Character Representation


FREQUENCY OF LOW-INCOME CHARACTER REPRESENTATION

With the median U.S. household income in 2017 being $62,626 and more than 50% of the U.S. population falling below or at this income, we hypothesized that a significant amount of television episodes would reflect this level of income distribution. However, in our analysis of more than 100 randomly selected TV episodes from the 2017–2018 season, we found that the lower brackets of income were underrepresented in favor of overrepresentation of middle to upper-middle income households.[9] 

INCOME REPRESENTATION BY PERCENTAGE

While there was an abundance of representation for middle-income individuals within our sample (indeed, most characters in this study represent this social stratum at 54%), we found that most of the characters from our sample fell on the higher side of the middle-class range, which includes those making incomes from $41K to $120K.[10]

Within the select sample of 35 episodes specifically centered on low- and lower-middle wage workers, characters held a range of low-paying job roles, including handyman, health inspector, mechanic, speech aide, bail bondsperson, server, and big box store associate. A not insignificant amount of the job roles captured had a pattern of being elevated in pay based on the minimum level of education required to fill the job role. However, investigator and detective pay, in particular, seemed to have no cumulative tie to higher education requirements and was the most consistent job role within the dataset to be ascribed a level of pay within the $100K+ pay range.

This level of overrepresentation is counterintuitive to the trending issue of wealth disparity, wherein the middle class is shrinking in favor of a wider gap between low-income households and upper-income families.
Characters Qualified as low, middle, and high income plus gender representation by income

No significant disparity among income level was found within demographics. Actors with perceived male – Assigned Male at Birth (AMAB) - or female gender assignment at birth (AFAB)[12] had near equal representation within each income level. AFAB characters made up approximately 42% of the characters studied, whereas AMAB represent 54%.[13] With a ratio of 3:4 where for every three AFAB characters there are four AMAB characters, representation is relatively constant across the board. That is not to say that the ±6% of characters are not indicative for change in this area. Within an entire sample of more than 1,200 codes, there are only two examples of gender nonbinary characters and there is still much to be done on better inclusion of AFAB characters as a whole.

Relative to income representation, 10% of AFAB characters qualified as low income to AMAB’s 11%. Middle income has a greater difference in gender disparity, with AFAB characters yielding on 21% to AMAB characters 31%. Parity for high-income characters shows AFAB characters make up 10% of these characters, while AMAB characters represent 13% of those observed.

Similar relationships can be found in racial representation within the study, with the caveat that there was absolutely no representation of Indigenous American or Native characters within the episodes watched.[14] White characters make up the majority of character representation, consisting of 65% of characters in the study. Meanwhile, Asian (5%), Black (16%), Hispanic (6%), and Other (6%) occupy significantly less space within the shows sampled. For additional details about this dynamic and the level of representation within key vs. recurring roles, please see Breaking Down Portrayed Income.

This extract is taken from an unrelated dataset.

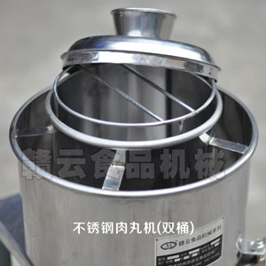 打漿桶采用目前國(guó)內(nèi)肉丸機(jī)的最新技術(shù)--無焊接縫,在舊款全不銹鋼肉丸機(jī)的基礎(chǔ)上給支撐架加粗加厚,用不銹鋼蓋,打漿雙桶,刀柄刀片均采用不銹鋼材質(zhì)。打漿桶裝肉量3L,一次可打肉漿6斤左右,采用2800r/min高速電機(jī),故稱之為高速肉丸機(jī)。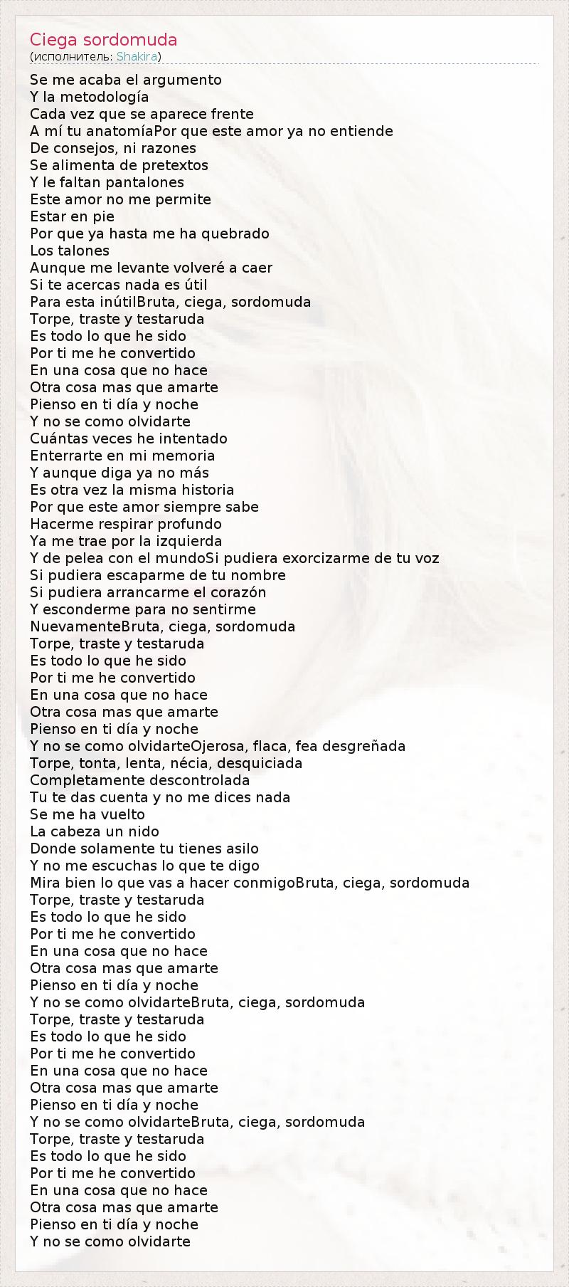 Y no se como olvidarteBruta, ciega, sordomuda

Within an entire sample of more than 1,200 codes, there are only two examples of gender nonbinary characters and there is still much to be done on better inclusion of AFAB characters as a whole.

9 Explore this in greater detail within, “Breaking Down Portrayed Income,” of this report.

10 Explore this in greater detail within, “Breaking Down Portrayed Income,” of this report.

11 Explore this in greater detail within, “Breaking Down Portrayed Income,” of this report.

12 These terms used to best encapsulate gender nonbinary individuals and those with undisclosed gender designation and reflect the ways genders exist beyond binary observation.

13 The 4% not accounted for here represent missing data within the dataset.

14 At least none of the characters identified themselves as such.